Data items:
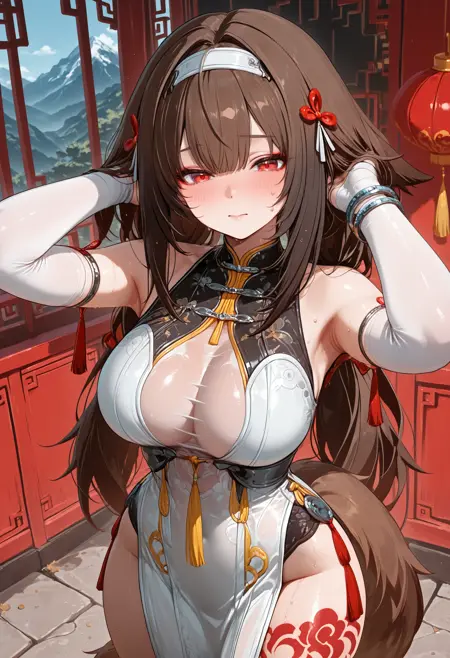 기본 복장: 흰색 머리띠, 머리 리본, 머리 장식, 중국식 드레스, 측면 슬릿, 투명한 가슴 부분, 손끝 장식, 골반 커튼, 어깨 노출, 팔꿈치 장갑, 팔찌, 보석, 검은 신발
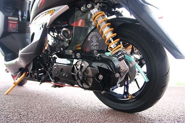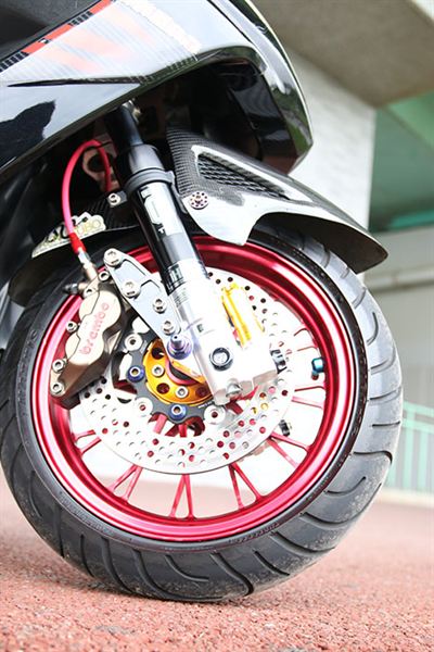 這部勁戰以76-2520DS套件組做為動力升級基礎架構,76缸體搭配2520條的行程,其動力輸出更為暴力張狂,吸睛滿點的並不只有缸體部份,其配合供油作動的大口徑PWK38化油器,其大喇叭進氣喉口對應引擎動力運作毫不遲疑,直接給予騎乘者近似脫疆野馬般動力拉扯暴走,若是沒有幾分實力或信心,千萬不要期望你能帥氣駕馭此車!鯊魚前後鍛造輪圈與DY前避震器和RPM短版避震器的騎乘質感提升,絕對有助於滿足熱血玩家的疾走需求!
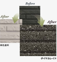 ダイヤカレイドとは水系シリコン系微光沢多彩規模塗料であり、特殊カラーフレークの使用により従来の単色塗料にはない立体感と深みがある豪華な彩を演出します。
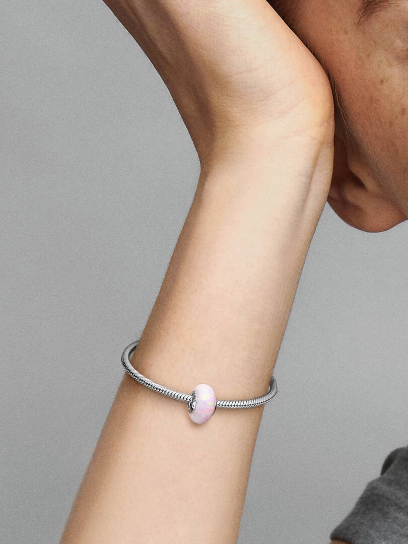 Add a pop of pink to your jewelry collection with the Opalescent Pink Charm. If pink’s your thing, you’ll love this round charm featuring a lab-created opal with differently colored specs and streaks of glitter that catc
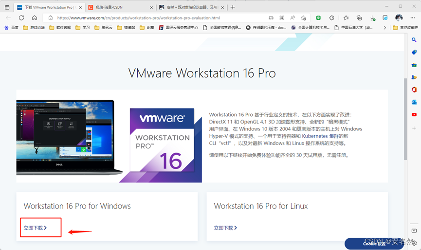 官网下载地址:下载 VMware Workstation Pro | CN
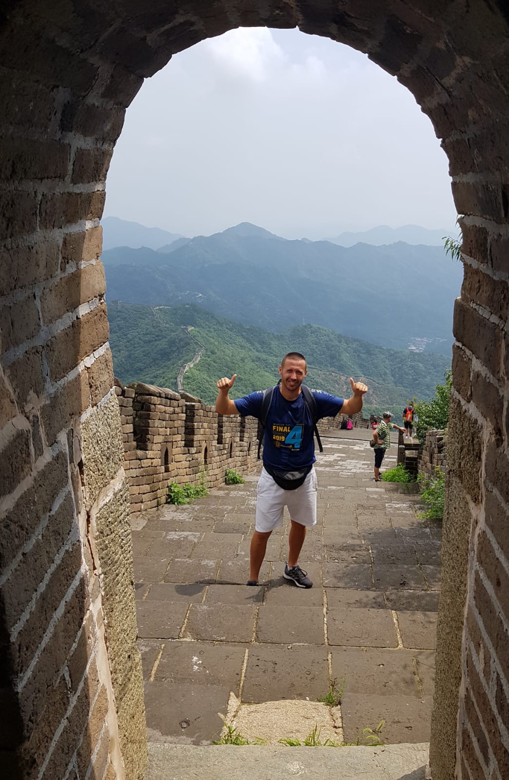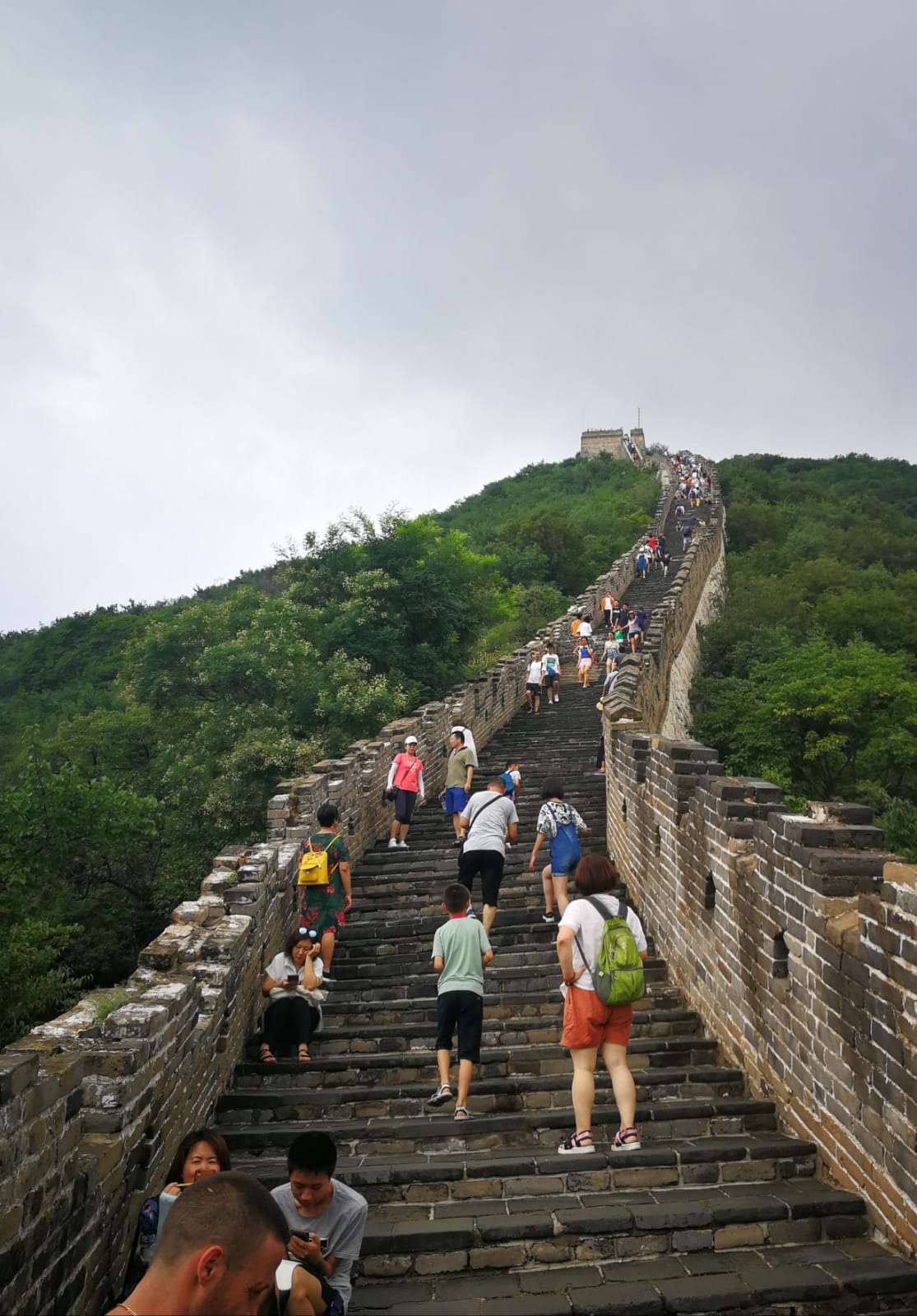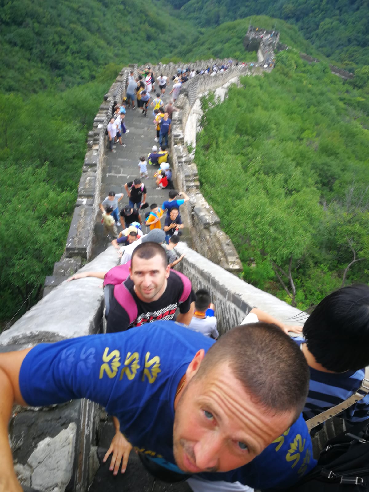 ,,Bineînţeles că nu puteam să ratez vizitarea acestui loc încărcat de istorie. Am fost acolo a doua zi, distanţa de la Beijing la Marele Zid este de o oră şi jumătate de mers cu autocarul. Excursia a durat întreaga zi şi a constituit o experienţă unică, atât pentru mine cât şi pentru colegii mei. Am plecat din faţa hotelului la ora 6.30 dimineaţa şi ne-am întors la ora 19.00. Am fost luaţi de un autocar din faţa hotelului până ce am ajuns la un punct, de aici ne-au preluat alte autocare şi ne-am dus 4-5 km pe un drum de munte destul de abrupt. De unde se sfârşea drumul am luat telecabina şi, timp de patru ore, ne-am plimbat pe Marele Zid, unde am admirat, atât construcţia veche de peste 2000 de ani, cât şi peisajul mirific, pentru că Marele Zid este construit exact pe creasta munţilor. În fiecare an, mii de turişti aleg acest obiectiv, care este cel mai vizitat centru istoric şi turistic din întreaga lume“ a împărtăşit Bogdan impactul cu una dintre cele mai importante vestigii istorice de pe mapamond. Marele Zid este una dintre cele mai impresionante fortificaţii din lume şi a fost construită ca protecţie împotriva triburilor nomade din Mongolia şi Manciuria. La începutul sec. III î.Hr., primul împărat al dinastiei Qin, Shi Huangdi, a poruncit ca zidurile de apărare, deja ridicate de unele state de la graniţă, să fie unite şi lungite, folosindu-se munca unor mari contingente militare dar şi a civililor, atât bărbaţi cât şi femei. Zidul se întinde pe o distanţă de 2250 de km, construcţia începe de la golful Liaodong şi se întinde până în sudul Mongoliei. Zidul străbate zone de stepă şi deşert. Construcţia a fost dotată cu 25.000 de foişoare, fiind extinsă de împăraţii Han în sec. I î.Hr. până la Yumen sau ,,Poarta de jad“ din provincia Gansu, pentru a contribui la expansiunea Chinei în Asia Centrală. Zidul este înalt de 8 metri şi gros de 14 metri, şi este construit din pământ, îmbrăcat în piatră pe secţiunile estice.

**The task:**
In the answer, include exactly the lines from the top of the entries through the line containing "官网下载地址:下载 VMware Workstation Pro | CN", and nothing else, not even the pictures.

**Exercise output:**
 기본 복장: 흰색 머리띠, 머리 리본, 머리 장식, 중국식 드레스, 측면 슬릿, 투명한 가슴 부분, 손끝 장식, 골반 커튼, 어깨 노출, 팔꿈치 장갑, 팔찌, 보석, 검은 신발
 這部勁戰以76-2520DS套件組做為動力升級基礎架構,76缸體搭配2520條的行程,其動力輸出更為暴力張狂,吸睛滿點的並不只有缸體部份,其配合供油作動的大口徑PWK38化油器,其大喇叭進氣喉口對應引擎動力運作毫不遲疑,直接給予騎乘者近似脫疆野馬般動力拉扯暴走,若是沒有幾分實力或信心,千萬不要期望你能帥氣駕馭此車!鯊魚前後鍛造輪圈與DY前避震器和RPM短版避震器的騎乘質感提升,絕對有助於滿足熱血玩家的疾走需求!
 ダイヤカレイドとは水系シリコン系微光沢多彩規模塗料であり、特殊カラーフレークの使用により従来の単色塗料にはない立体感と深みがある豪華な彩を演出します。
 Add a pop of pink to your jewelry collection with the Opalescent Pink Charm. If pink’s your thing, you’ll love this round charm featuring a lab-created opal with differently colored specs and streaks of glitter that catc
 官网下载地址:下载 VMware Workstation Pro | CN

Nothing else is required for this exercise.